You are here: Louk-Home Genealogy Specht Gen. nr. 3

3a. Ds. Philippus Specht, geb. vóór ca. 1637, ovl. 1692, afkomstig van Utrecht (1655), ingeschreven als student aan de Universiteit van Utrecht feb. 1655 ("Philippus Specht, Ultrajectinus ")[1] predikant te Krimpen aan de Lek (1667), tr. Krimpen aan de Lek 9-5-1658[2] Maria van Wijckenburgh, ovl. na 1667, verm. dr. van Dirck van Wickenburg en Lyntje van Harmelen.

Op 23-11-1667 testeren te Ridderkerk Philippus Specht, predikant te Krimpen aan de Lek, gehuwd met Maria van Wijckenborch. Zij willen bijgezet worden in Utrecht in de keldergrafstede in het kerkje van Magdalena bij haar vader en voorouders of te Krimpen aan de Lek of elders, waar zij zullen overlijden. De huwelijkse voorwaarden gepasseerd bij notaris Johan van Snelderwaert te Utrecht d.d. 28 april 1658 worden nietig verklaard. De angstlevende erft alles. Kinderen dienen onderhouden te worden. Mocht hij eerder overlijden dan zijn vrouw, dan wil hij dat aan zijn oudste zoon, Hermanus Specht, de grote bijbel en een wapen van de Spechten en al zijn papieren, behorend bij het historieboek van Nederland, zal worden uitgereikt. Mocht die overlijden zonder nazaten dan zal alles aan diens broer, Jasper Specht, komen. [3]

3b. Ds. Philippus Specht, ged. Utrecht 20-8-1637, ovl. Opheusden 19-5-1703, beg. Opheusden geref. kerk, ingeschreven als student aan de Universiteit van Utrecht 1664 ("Philippus Specht, Rheno-Trajectinus")[7] rector te Culemborg (1663), wordt bevestigd als predikant te Curaçao (1668), predikant te Curaçao (1669), legerpredikant onder het regiment van George Frederik, graaf van Waldeck-Pyrmont en Kulenburg (ca. 1678),[8] wordt beroepen 3-4-1679 als predikant te Opheusden, predikant aldaar 1679-1703,[9] wordt lid van de classis 5-5-1679, doopget. te Rotterdam (1702), otr./tr. Culemborg/Utrecht Catharijnekerk 23-8/8-9-1663 (get. haar vader Jacobus van Vollenhoven),[10] Hillegonda van Vollenhoven, ovl. Zaltbommel of Opheusden feb. 1709[11], woont te Utrecht (1663), doopget. te Rotterdam (1702, 1707), en te Tuil (1702..1708), had een conflict met Ds. Johannes Hoisingius, de predikant die haar echtgenoot in Opheusden opvolgde maar niet tijdig de penningen had verrekend, waartoe hij volgens akkoord verplicht was,[12] dr. van Jacob Lubberts van Vollenhoven en Adriaentgen Peter van Ommerensdr.[13]

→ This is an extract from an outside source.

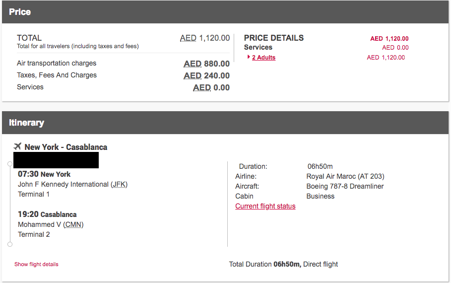 There's no way to check award availability online for the two daily (every day of the week except Monday) flights from JFK. You'll have to call the Etihad Guest phone center (1-877-690-0767), which is rarely a pleasant experience — and it's particularly time-consuming when the agents need to check space. They'll have to put you on hold while they find the flight and then manually query Royal Air Maroc for award space. They then build a reservation in order to quote the miles you need and taxes and fees.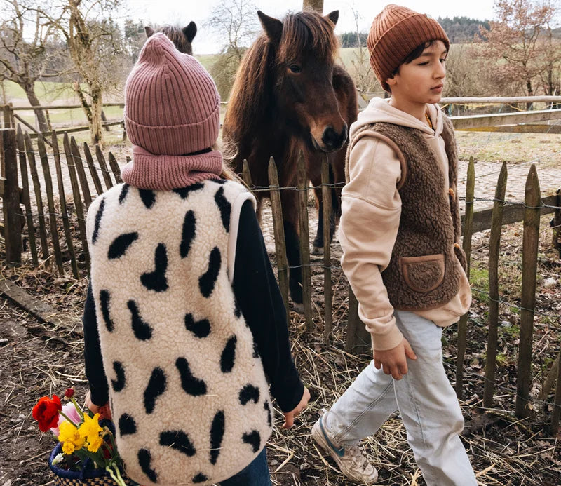 This kids' vest is crafted from 100% organic wool, providing a warm and cozy layer for chilly days. The wool is mulesing-free and Woolmark® certified, ensuring top quality and sustainable production.

Grafschrift op een zerk in de kerk van Opheusden:[14]

Hier leyt PHILIPPUS SPECHT
Die kerck en armen recht
Verdedigt en het quaadt
Dat groot en klein begaat
Vrymoedigh heeft bestraft
Een Leeraar die kon staan
En 't Boose tegen gaan
Sijn Ziele na de Doodt
Rust nu in Abrams schoot
Sijn lichaam in dit graft.
gestorven den 19 May 1703 in't 66 jaer sijns
ouderdoms en 't 24 sijner bedieninge alhier.
Op 2-4-1668 machtigen Philippus Specht, bevesticht predicant op't eylant Curacao, en zijn echtgenote Hillegonda van Vollenhoven, Jacob Vollenhoven, hun (schoon)vader, en Hermannus Specht, zijn broer, om gedurende hun afwezigheid belangen waar te nemen inzake reeds toegevallen en nog toe te vallen nalatenschappen. [15]
Archief voor de geschiedenis der Oude Hollandsche zending:[16]
Synode Amsterdam 1670. Brief van Ds. Specht te Curaçao 8 September 1669.
Geeft te kennen de goede beginselen van zijn dienst en lust, ijver en naarstigheid in denzelven. God heeft zijn arbeid zoodanig gezegend, dat 37 personen door de christelijke doop in de gemeente waren ingelijfd.
Handschriftenverzameling Rotterdam:[17]
Stukken betreffende Ds. Philippus Specht, gewezen predikant te Curaçao en thans in het leger onder het regiment van de graaf van Waldeck, gehuwd met Hildegonda van Vollenhoven. Datering: 1677-1679
Op 14-12-1678 bekent Frederick Jenel rector der triviale schoole binnen Maestricht, voor wie borgen zijn Jacobus Jenelt wonende te Utrecht, en Gerard Hulscher wonende te Utrecht, schuldig te zijn ƒ 300,- vanwege een lening, aan Philippus Specht, bedienaar des goddelycken woorts wonende te Utrecht. [18]
Op 2-1-1679 bekent Anna Beyer, wed. van Pieter van Kleeff, en dochter van wijlen Matthys Beyer, in leven drost van Amerongen ƒ 2000,-- schuldig te zijn aan dominus Philippus Specht, wegens lening voor restbetaling in verband met overname drostambt door haar overleden man, met obligaties als onderpand. De schuldbekentenis is gecasseerd op 19-1-1681. [19]
Op 12-8-1679 testeert Philippus Specht bedienaar des goddelycken woorts te Heusden x Hillegonda van Vollenhoven, wonend te Heusden. Ergenamen zijn de kinderen, op last van lyftocht, met benoeming van zijn broer Willem Specht en NN van Breen tot voogden, naast de langstlevende. [20]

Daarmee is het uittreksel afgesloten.